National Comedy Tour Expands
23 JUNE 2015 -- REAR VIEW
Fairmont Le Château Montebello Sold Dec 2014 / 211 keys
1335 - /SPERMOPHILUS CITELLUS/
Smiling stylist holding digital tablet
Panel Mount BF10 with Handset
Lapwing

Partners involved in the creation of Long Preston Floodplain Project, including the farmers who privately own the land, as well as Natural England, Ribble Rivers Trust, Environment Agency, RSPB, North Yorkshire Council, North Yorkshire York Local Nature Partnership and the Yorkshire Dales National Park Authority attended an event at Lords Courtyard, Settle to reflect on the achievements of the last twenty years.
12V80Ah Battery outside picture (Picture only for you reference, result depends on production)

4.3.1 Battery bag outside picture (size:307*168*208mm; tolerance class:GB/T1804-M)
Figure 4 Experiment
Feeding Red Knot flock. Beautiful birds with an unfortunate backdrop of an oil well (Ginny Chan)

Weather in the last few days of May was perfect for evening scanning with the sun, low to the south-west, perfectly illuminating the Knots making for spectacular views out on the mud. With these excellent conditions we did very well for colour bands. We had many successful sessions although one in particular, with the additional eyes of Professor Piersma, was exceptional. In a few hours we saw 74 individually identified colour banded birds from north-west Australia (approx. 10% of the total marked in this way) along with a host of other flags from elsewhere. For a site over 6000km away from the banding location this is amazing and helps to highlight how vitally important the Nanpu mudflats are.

* * *

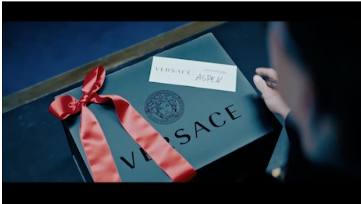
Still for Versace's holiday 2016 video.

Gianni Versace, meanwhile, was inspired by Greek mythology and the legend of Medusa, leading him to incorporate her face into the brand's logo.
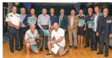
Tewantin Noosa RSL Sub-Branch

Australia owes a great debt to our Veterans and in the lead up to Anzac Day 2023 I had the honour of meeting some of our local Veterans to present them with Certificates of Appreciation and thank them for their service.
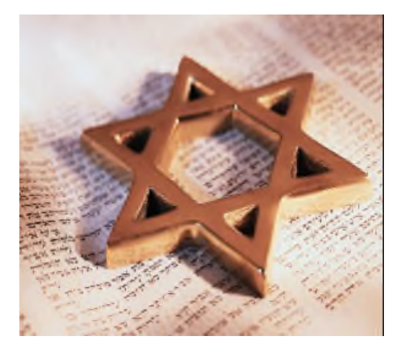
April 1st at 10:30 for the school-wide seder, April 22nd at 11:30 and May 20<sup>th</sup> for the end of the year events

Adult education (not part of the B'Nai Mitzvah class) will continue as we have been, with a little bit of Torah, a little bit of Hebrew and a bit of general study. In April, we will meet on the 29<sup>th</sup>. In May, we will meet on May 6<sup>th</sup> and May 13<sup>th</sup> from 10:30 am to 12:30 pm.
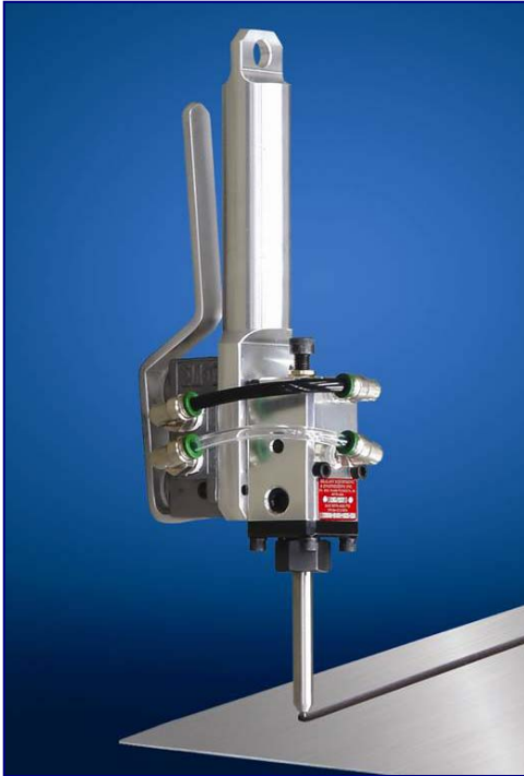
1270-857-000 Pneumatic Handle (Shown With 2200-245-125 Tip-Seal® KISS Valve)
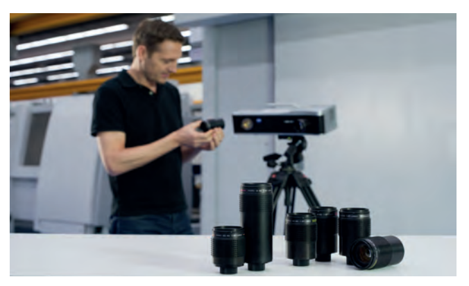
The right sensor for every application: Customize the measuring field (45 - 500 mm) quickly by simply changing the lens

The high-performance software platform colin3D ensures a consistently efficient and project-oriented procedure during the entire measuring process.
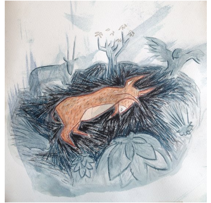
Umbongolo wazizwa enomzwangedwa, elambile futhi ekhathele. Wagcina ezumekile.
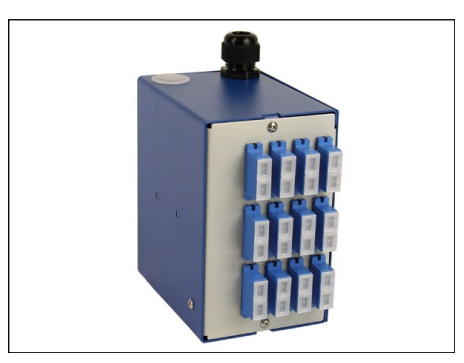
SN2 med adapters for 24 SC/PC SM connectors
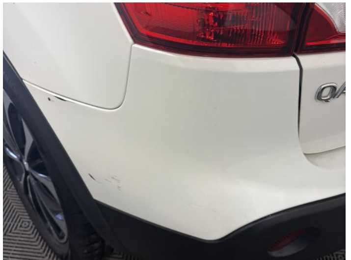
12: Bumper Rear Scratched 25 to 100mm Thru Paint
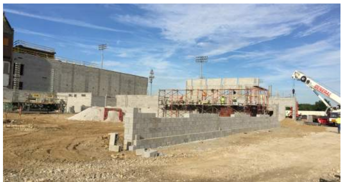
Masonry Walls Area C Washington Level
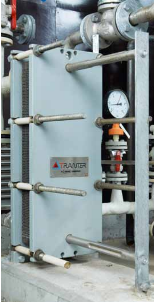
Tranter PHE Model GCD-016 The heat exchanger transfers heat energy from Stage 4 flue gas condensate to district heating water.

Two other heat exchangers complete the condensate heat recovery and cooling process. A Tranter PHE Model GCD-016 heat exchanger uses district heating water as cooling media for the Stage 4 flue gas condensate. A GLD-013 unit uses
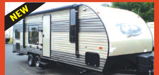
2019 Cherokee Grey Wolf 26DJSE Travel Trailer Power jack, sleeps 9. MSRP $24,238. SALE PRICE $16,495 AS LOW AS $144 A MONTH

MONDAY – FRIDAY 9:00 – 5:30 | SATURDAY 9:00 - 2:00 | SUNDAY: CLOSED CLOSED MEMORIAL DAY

==

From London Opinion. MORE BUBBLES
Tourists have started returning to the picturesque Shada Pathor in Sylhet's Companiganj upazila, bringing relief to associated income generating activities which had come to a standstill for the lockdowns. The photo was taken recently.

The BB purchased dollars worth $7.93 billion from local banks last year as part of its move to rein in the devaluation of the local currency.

Task statement: Please give back, exactly as it stands above, the stretch from the line with "Tourists have started" through the line with "The BB purchased", and no line outside it.

Exercise solution:
Tourists have started returning to the picturesque Shada Pathor in Sylhet's Companiganj upazila, bringing relief to associated income generating activities which had come to a standstill for the lockdowns. The photo was taken recently.

The BB purchased dollars worth $7.93 billion from local banks last year as part of its move to rein in the devaluation of the local currency.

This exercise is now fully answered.